[Entries taken from a collection]
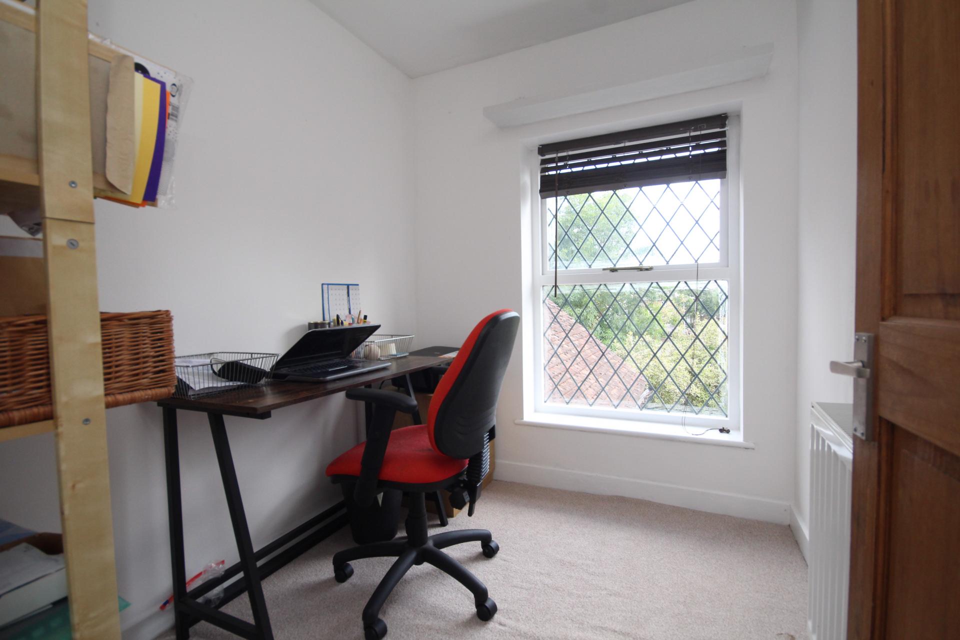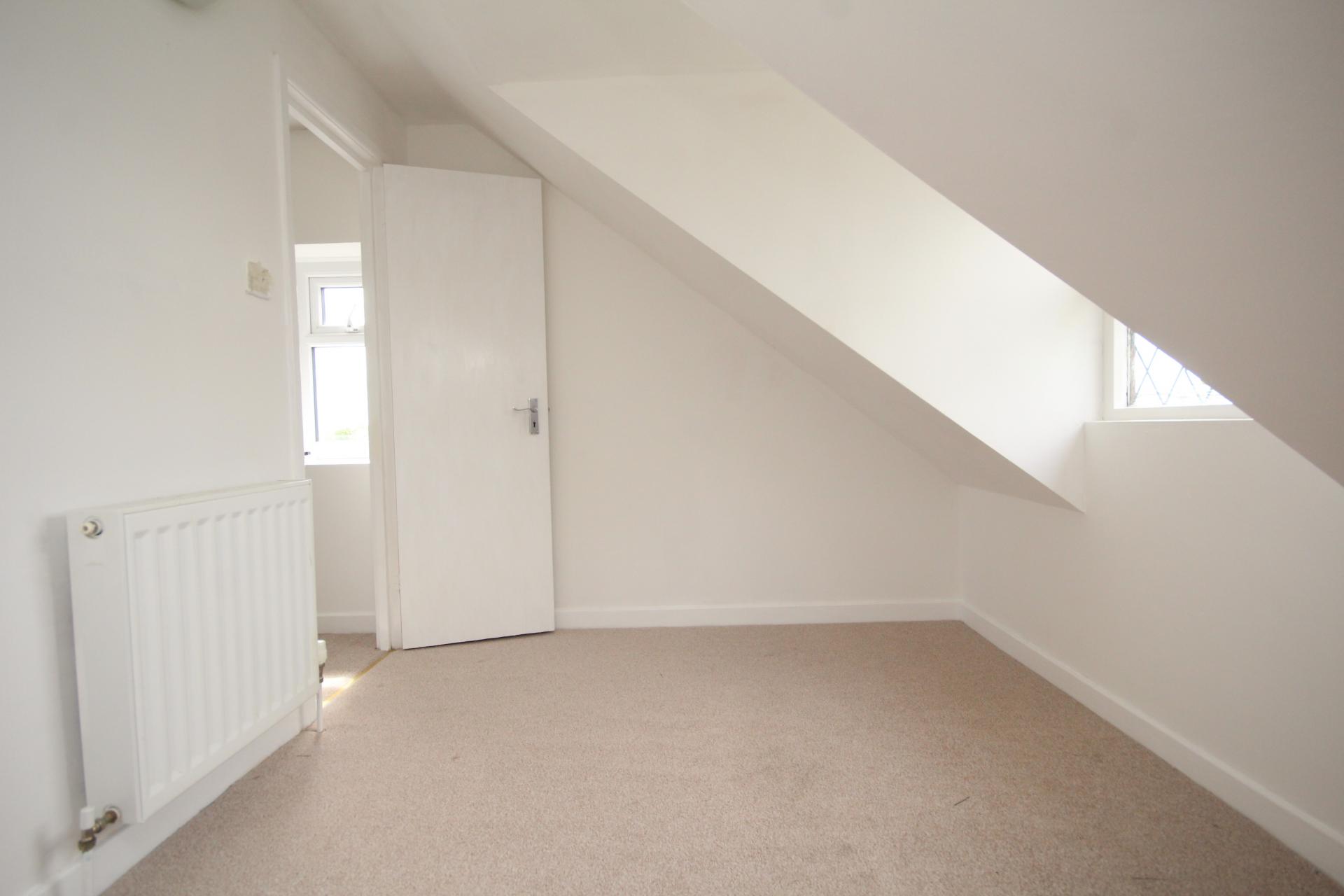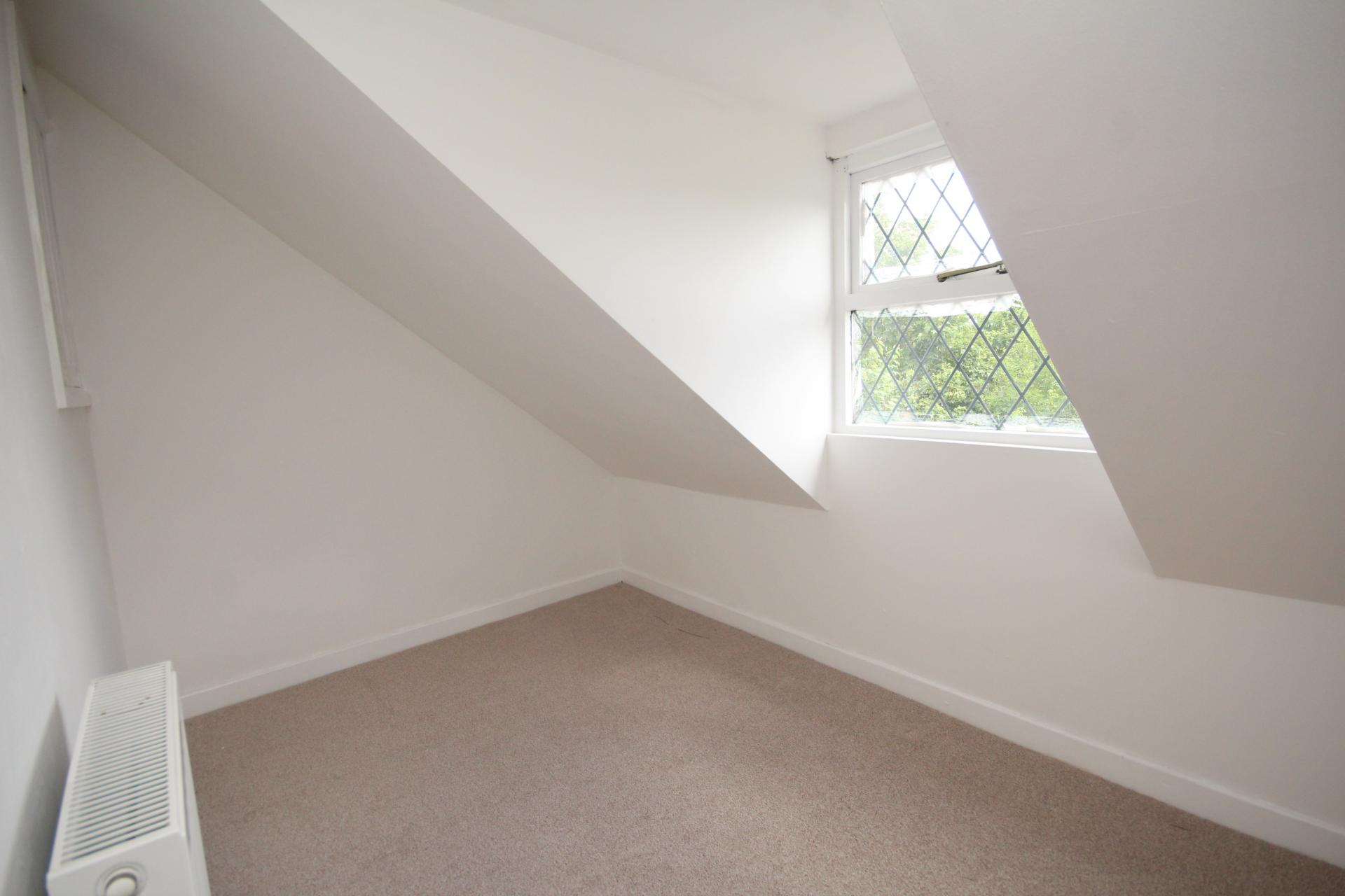 Double glazed lead light window to rear, eaves storage cupboard and radiator.
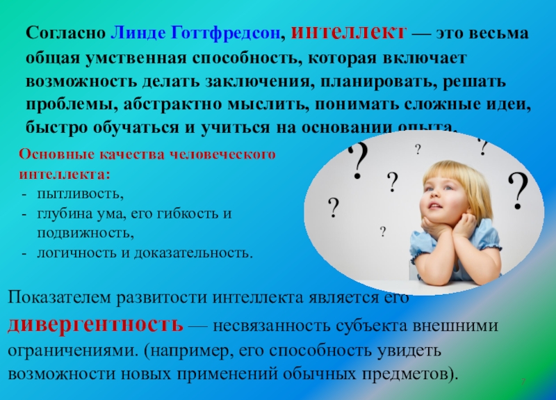 Показателем развитости интеллекта является его дивергентность — несвязанность субъекта внешними ограничениями. (например, его способность увидеть возможности новых применений обычных предметов).
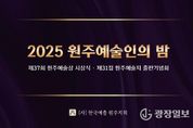 광장일보 이현나 기자 | 지역 문화예술 발전에 기여한 예술인들의 공로를 기리고, 원주의 예술적 성과를 공유하기 위한 ‘제37회 원주예술상 시상식 및 제31집 원주예술지 출판기념회’가 오는 16일 오후 5시, 빌라드아모르에서 개최된다. 올해로 37회를 맞은 원주예술상은 지난 한 해 동안 지역 문화예술 분야에서 두드러진 활동을 펼친 예술인에게 수여되는 상으로, 예술인의 창작 의욕을 고취하고 지역 문화예술의 위상을 높이는 데 중요한 역할을 해왔다. 올해 시상식에서는 ▲대상 ▲공로상 ▲신진예술인상 ▲자랑스러운 원주예술인상 등 총 6명의 수상자가 선정됐다. 또한 행사와 함께 진행되는 제31집 ‘원주예술지’ 출판기념회에서는 올 한 해 지역 예술계의 창작물, 활동 기록 등 다양한 콘텐츠가 담긴 예술지를 시민들에게 공개한다. 원주예술지는 지역 예술의 흐름과 변화를 기록해 온 대표적인 연간 예술지로, 원주의 문화자산을 보존하고 예술인들의 목소리를 확장하는 데 의미 있는 역할을 해오고 있다. 박혜순 원주시 문화예술과장은 “한 해 동안 지역 곳곳에서 활동하며 원주 문화예술의 깊이를 더해준 예술인들께 감사의 마음을 전한다”라고 말했
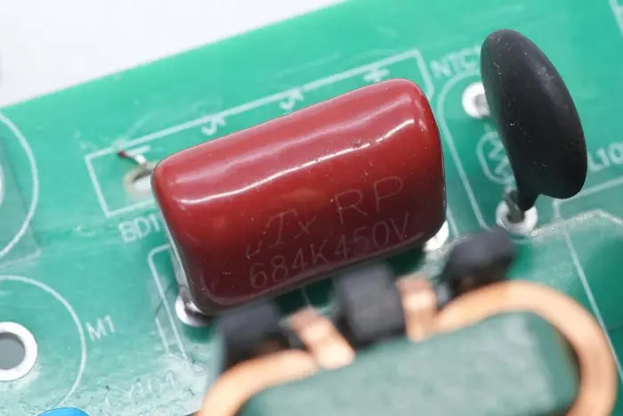 Erresonantziazko kondentsadorea MMKP82 seriekoa da, 0,047μF 630V-ko zehaztapenarekin.
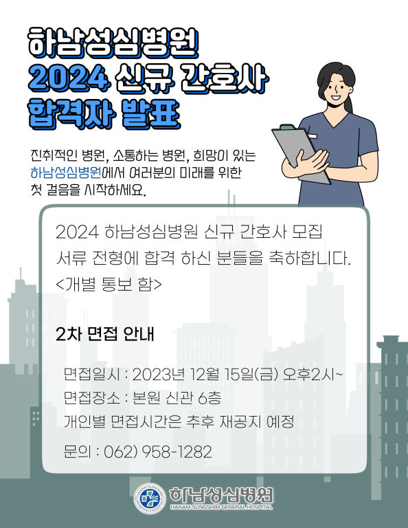 2024³â Çϳ²¼º½Éº´¿ø ½Å±Ô °£È£»ç ¸ðÁý ¼·ù ÀüÇü¿¡ ÇÕ°ÝÇϽÉÀ» ÃàÇϵ帳´Ï´Ù.
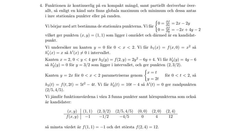 Hur ska man lösa denna uppgift när man hittat inre stationär punkt som finns i området? Känns som att min sätt att lösa ger ej rätt svar. Jag vet ej om runda paretenser i punkterna innebär att ändpunkterna ej är inkluderade?
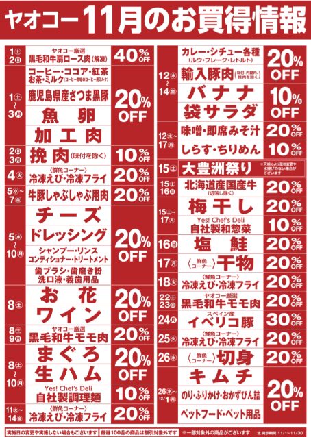 ヤオコーの魅力といえば、なんといっても「毎日のお買い得品」。新鮮な野菜やお肉、お魚、そしてヤオコーならではの美味しいお惣菜やパンが、日替わり・週替わりでお得に購入できます。値上げ、値上げが続く昨今、1か月のお買い得予定がわかるのはありがたいですね。コーヒーやペットフードなどの20%off は魅力的。調整ができそうなものはまとめ買いして節約したいですよね。
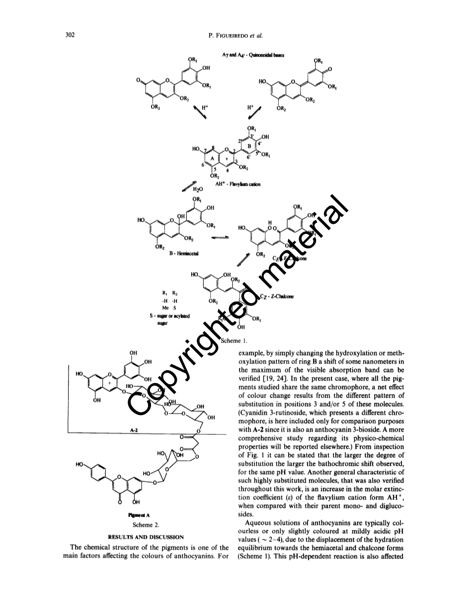 如上所述,本试验研究的两个系列中唯一具有不同行为的分子是A-2,其在位置3上仅有龙胆苷(一种线性双糖)作为取代基。与飞燕草素-3-葡萄糖苷相比,其黄素形式的电子吸收光谱显示摩尔吸收系数(ε)值急剧下降。这与通常在花色苷复合形式中发现的小的低色移形成对比,低色移是由分子间或分子内结合产生的[3]。然而,A-2吸收系数值的大幅度下降似乎是发色团第3位具有二糖作为唯一取代基的分子的一般特征,因为在另外两种同样具有3-生物生物糖苷残基的花色苷(车菊素-3-桑布双糖苷-5-葡萄糖苷(Figueiredo,P.等人未发表的结果)和矢车菊素-3-芸香糖苷)中也证实了类似的结果。
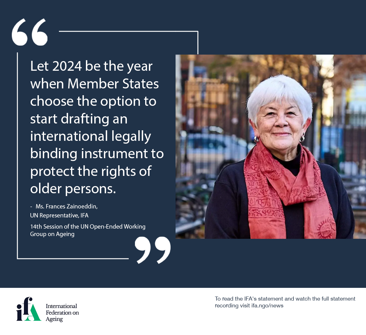 UN Representative Frances Zainoeddin delivered IFA’s statement at the 14th Session of the United Nations Open-Ended Working Group on Ageing (OEWGA) on 20 May 2024. Addressing UN Member States, Ms. Zainoeddin identified that after thirteen years of discussion over 900 documents have been submitted to the Working Group demonstrating that there are gaps in the international framework of the human rights of older persons. The IFA calls upon Member States to respond to these gaps with an international legally binding instrument to protect the human rights of older persons.
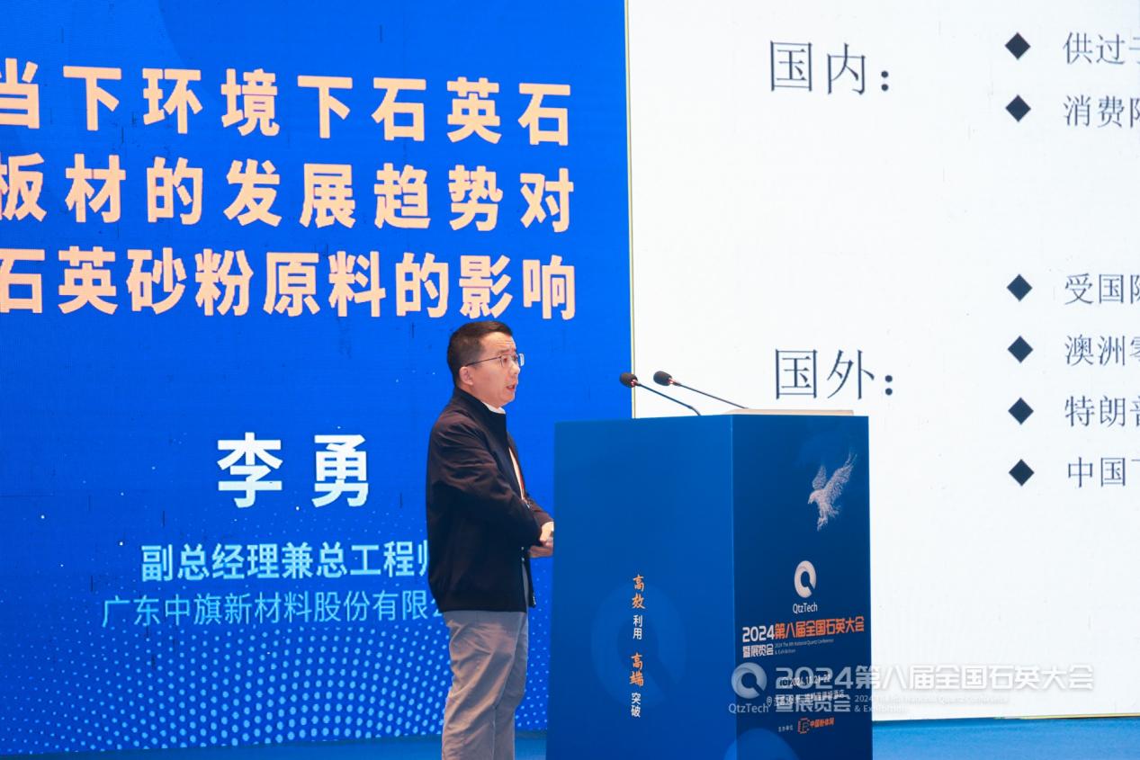 廣東中旗新材料股份有限公司副總經(jīng)理兼總工程師李勇作《當下環(huán)境下石英石板材的發(fā)展趨勢對石英砂粉原料的影響》報告
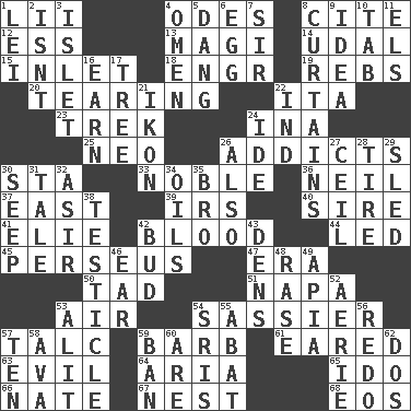 ACROSS 1. Cards in a Roman deck? 4. Lyric poems 8. Quote 12. Double-curved letter 13. Wise men 14. Hereditary estate 15. An arm off of a larger body of water 18. Engineer (abbr.) 19. Confederate soldiers (slang) 20. Pulling into pieces 22. Call ___ day 23. Long journey 24. _ tizzy (2 wds.) 25. Modern: prefix 26. Inveterate users 30. R.R. building 33. Having high moral qualities 36. Famous astronaut Armstrong 37. Compass direction 39. Big collection agency 40. Father 41. Writer Wiesel 42. Vital fluid 44. Directed 45. Son of Zeus who helped slay Medusa 47. Period 50. Small amount or degree 51. California wine valley 53. Atmosphere 54. More disrespectful 57. Baby powder 59. Sharp remark 61. Having ears or earlike features 63. Morally bad or wrong 64. Operatic vocal solo 65. Wedding promise 66. Nathan's nickname 67. A home for chicks 68. Greek goddess of the dawn DOWN 1. Flowery wreath 2. Is not 3. Small island 4. Presage 5. Mild oath, euphamism for damn 6. Oval reproductive body of a fowl 7. Title for a knight 8. Window treatments 9. The main thing one is thinking about 10. Bar bill 11. Raised railways 16. Merit 17. Relationship diagram 21. Visual representation of an object 22. Working for oneself (abbr.) 24. Binary compound 26. In addition 27. To provide with a ceiling 28. Hoop that covers a wheel 29. Downhill vehicle 30. Ooze 31. Story 32. SW Saudi Arabia district 34. Lubricates 35. Sis' sibling 38. One of the two male reproductive glands 42. Partially opened flower 43. Cub Scout units 46. Hearing organ 48. To erase 49. Capital of Western Samoa 52. Nest on high 53. Came down and settled, as after flight 54. Indian titles of respect 55. Blind as ____ 56. Do over again 57. Nine, plus one 58. Actress Gardner 59. Prohibit 60. "We ___ not amused" (Victoria) 62. Two (Sp.)

**Task goal**
Write out the data above in full and exactly, but not the pictures.

**Task output**
 Double glazed lead light window to rear, eaves storage cupboard and radiator.
 Показателем развитости интеллекта является его дивергентность — несвязанность субъекта внешними ограничениями. (например, его способность увидеть возможности новых применений обычных предметов).
 광장일보 이현나 기자 | 지역 문화예술 발전에 기여한 예술인들의 공로를 기리고, 원주의 예술적 성과를 공유하기 위한 ‘제37회 원주예술상 시상식 및 제31집 원주예술지 출판기념회’가 오는 16일 오후 5시, 빌라드아모르에서 개최된다. 올해로 37회를 맞은 원주예술상은 지난 한 해 동안 지역 문화예술 분야에서 두드러진 활동을 펼친 예술인에게 수여되는 상으로, 예술인의 창작 의욕을 고취하고 지역 문화예술의 위상을 높이는 데 중요한 역할을 해왔다. 올해 시상식에서는 ▲대상 ▲공로상 ▲신진예술인상 ▲자랑스러운 원주예술인상 등 총 6명의 수상자가 선정됐다. 또한 행사와 함께 진행되는 제31집 ‘원주예술지’ 출판기념회에서는 올 한 해 지역 예술계의 창작물, 활동 기록 등 다양한 콘텐츠가 담긴 예술지를 시민들에게 공개한다. 원주예술지는 지역 예술의 흐름과 변화를 기록해 온 대표적인 연간 예술지로, 원주의 문화자산을 보존하고 예술인들의 목소리를 확장하는 데 의미 있는 역할을 해오고 있다. 박혜순 원주시 문화예술과장은 “한 해 동안 지역 곳곳에서 활동하며 원주 문화예술의 깊이를 더해준 예술인들께 감사의 마음을 전한다”라고 말했
 Erresonantziazko kondentsadorea MMKP82 seriekoa da, 0,047μF 630V-ko zehaztapenarekin.
 2024³â Çϳ²¼º½Éº´¿ø ½Å±Ô °£È£»ç ¸ðÁý ¼·ù ÀüÇü¿¡ ÇÕ°ÝÇϽÉÀ» ÃàÇϵ帳´Ï´Ù.
 Hur ska man lösa denna uppgift när man hittat inre stationär punkt som finns i området? Känns som att min sätt att lösa ger ej rätt svar. Jag vet ej om runda paretenser i punkterna innebär att ändpunkterna ej är inkluderade?
 ヤオコーの魅力といえば、なんといっても「毎日のお買い得品」。新鮮な野菜やお肉、お魚、そしてヤオコーならではの美味しいお惣菜やパンが、日替わり・週替わりでお得に購入できます。値上げ、値上げが続く昨今、1か月のお買い得予定がわかるのはありがたいですね。コーヒーやペットフードなどの20%off は魅力的。調整ができそうなものはまとめ買いして節約したいですよね。
 如上所述,本试验研究的两个系列中唯一具有不同行为的分子是A-2,其在位置3上仅有龙胆苷(一种线性双糖)作为取代基。与飞燕草素-3-葡萄糖苷相比,其黄素形式的电子吸收光谱显示摩尔吸收系数(ε)值急剧下降。这与通常在花色苷复合形式中发现的小的低色移形成对比,低色移是由分子间或分子内结合产生的[3]。然而,A-2吸收系数值的大幅度下降似乎是发色团第3位具有二糖作为唯一取代基的分子的一般特征,因为在另外两种同样具有3-生物生物糖苷残基的花色苷(车菊素-3-桑布双糖苷-5-葡萄糖苷(Figueiredo,P.等人未发表的结果)和矢车菊素-3-芸香糖苷)中也证实了类似的结果。
 UN Representative Frances Zainoeddin delivered IFA’s statement at the 14th Session of the United Nations Open-Ended Working Group on Ageing (OEWGA) on 20 May 2024. Addressing UN Member States, Ms. Zainoeddin identified that after thirteen years of discussion over 900 documents have been submitted to the Working Group demonstrating that there are gaps in the international framework of the human rights of older persons. The IFA calls upon Member States to respond to these gaps with an international legally binding instrument to protect the human rights of older persons.
 廣東中旗新材料股份有限公司副總經(jīng)理兼總工程師李勇作《當下環(huán)境下石英石板材的發(fā)展趨勢對石英砂粉原料的影響》報告
 ACROSS 1. Cards in a Roman deck? 4. Lyric poems 8. Quote 12. Double-curved letter 13. Wise men 14. Hereditary estate 15. An arm off of a larger body of water 18. Engineer (abbr.) 19. Confederate soldiers (slang) 20. Pulling into pieces 22. Call ___ day 23. Long journey 24. _ tizzy (2 wds.) 25. Modern: prefix 26. Inveterate users 30. R.R. building 33. Having high moral qualities 36. Famous astronaut Armstrong 37. Compass direction 39. Big collection agency 40. Father 41. Writer Wiesel 42. Vital fluid 44. Directed 45. Son of Zeus who helped slay Medusa 47. Period 50. Small amount or degree 51. California wine valley 53. Atmosphere 54. More disrespectful 57. Baby powder 59. Sharp remark 61. Having ears or earlike features 63. Morally bad or wrong 64. Operatic vocal solo 65. Wedding promise 66. Nathan's nickname 67. A home for chicks 68. Greek goddess of the dawn DOWN 1. Flowery wreath 2. Is not 3. Small island 4. Presage 5. Mild oath, euphamism for damn 6. Oval reproductive body of a fowl 7. Title for a knight 8. Window treatments 9. The main thing one is thinking about 10. Bar bill 11. Raised railways 16. Merit 17. Relationship diagram 21. Visual representation of an object 22. Working for oneself (abbr.) 24. Binary compound 26. In addition 27. To provide with a ceiling 28. Hoop that covers a wheel 29. Downhill vehicle 30. Ooze 31. Story 32. SW Saudi Arabia district 34. Lubricates 35. Sis' sibling 38. One of the two male reproductive glands 42. Partially opened flower 43. Cub Scout units 46. Hearing organ 48. To erase 49. Capital of Western Samoa 52. Nest on high 53. Came down and settled, as after flight 54. Indian titles of respect 55. Blind as ____ 56. Do over again 57. Nine, plus one 58. Actress Gardner 59. Prohibit 60. "We ___ not amused" (Victoria) 62. Two (Sp.)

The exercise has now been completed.